- **Exercise**
Reproduce exactly the lines of the material beneath, from the line that contains "他说:「看到这么多人齐聚一堂" to the line that contains "Peringatan HUT kemerdekaan", both included, and no other lines.

- **Entries provided**
..........
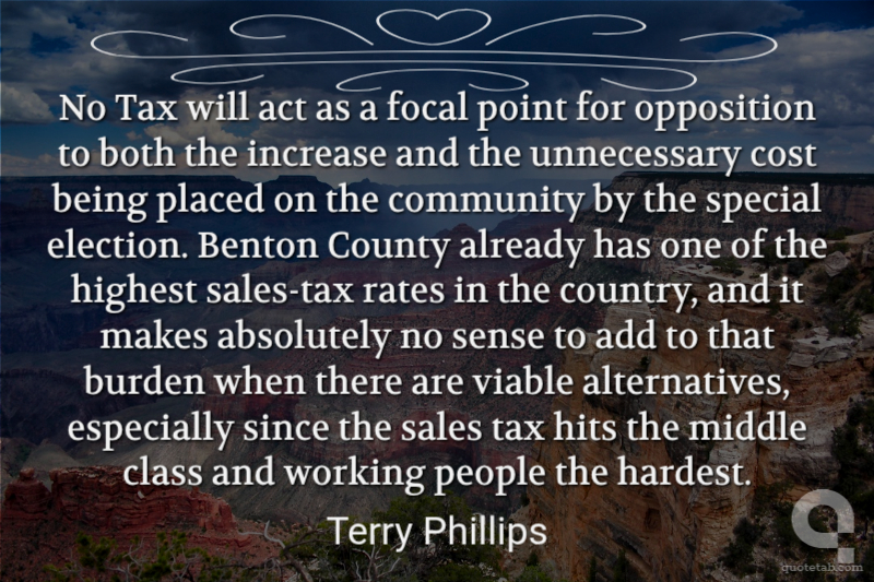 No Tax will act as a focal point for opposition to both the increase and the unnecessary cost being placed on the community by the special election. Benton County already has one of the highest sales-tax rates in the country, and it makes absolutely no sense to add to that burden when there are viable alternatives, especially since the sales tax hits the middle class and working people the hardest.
..........
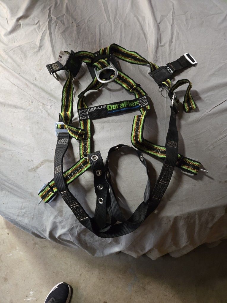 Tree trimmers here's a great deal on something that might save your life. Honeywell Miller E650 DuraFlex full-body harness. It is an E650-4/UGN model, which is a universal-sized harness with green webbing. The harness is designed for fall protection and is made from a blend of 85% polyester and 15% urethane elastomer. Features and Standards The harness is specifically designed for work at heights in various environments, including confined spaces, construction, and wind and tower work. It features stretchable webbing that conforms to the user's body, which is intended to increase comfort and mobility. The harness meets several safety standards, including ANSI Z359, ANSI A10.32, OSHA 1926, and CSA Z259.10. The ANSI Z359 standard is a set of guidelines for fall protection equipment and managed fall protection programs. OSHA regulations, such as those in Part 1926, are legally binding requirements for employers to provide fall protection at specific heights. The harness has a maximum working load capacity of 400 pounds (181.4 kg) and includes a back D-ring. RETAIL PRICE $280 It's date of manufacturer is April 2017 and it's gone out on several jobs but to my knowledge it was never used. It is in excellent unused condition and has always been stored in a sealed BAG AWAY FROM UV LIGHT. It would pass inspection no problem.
..........
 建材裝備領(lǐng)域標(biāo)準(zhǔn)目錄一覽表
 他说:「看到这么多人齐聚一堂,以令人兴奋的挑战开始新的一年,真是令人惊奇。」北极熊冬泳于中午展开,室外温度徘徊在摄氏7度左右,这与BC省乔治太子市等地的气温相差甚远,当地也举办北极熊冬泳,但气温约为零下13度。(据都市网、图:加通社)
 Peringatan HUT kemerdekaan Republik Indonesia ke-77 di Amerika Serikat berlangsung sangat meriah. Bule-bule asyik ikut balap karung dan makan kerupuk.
..........
- **Exercise output**
 他说:「看到这么多人齐聚一堂,以令人兴奋的挑战开始新的一年,真是令人惊奇。」北极熊冬泳于中午展开,室外温度徘徊在摄氏7度左右,这与BC省乔治太子市等地的气温相差甚远,当地也举办北极熊冬泳,但气温约为零下13度。(据都市网、图:加通社)
 Peringatan HUT kemerdekaan Republik Indonesia ke-77 di Amerika Serikat berlangsung sangat meriah. Bule-bule asyik ikut balap karung dan makan kerupuk.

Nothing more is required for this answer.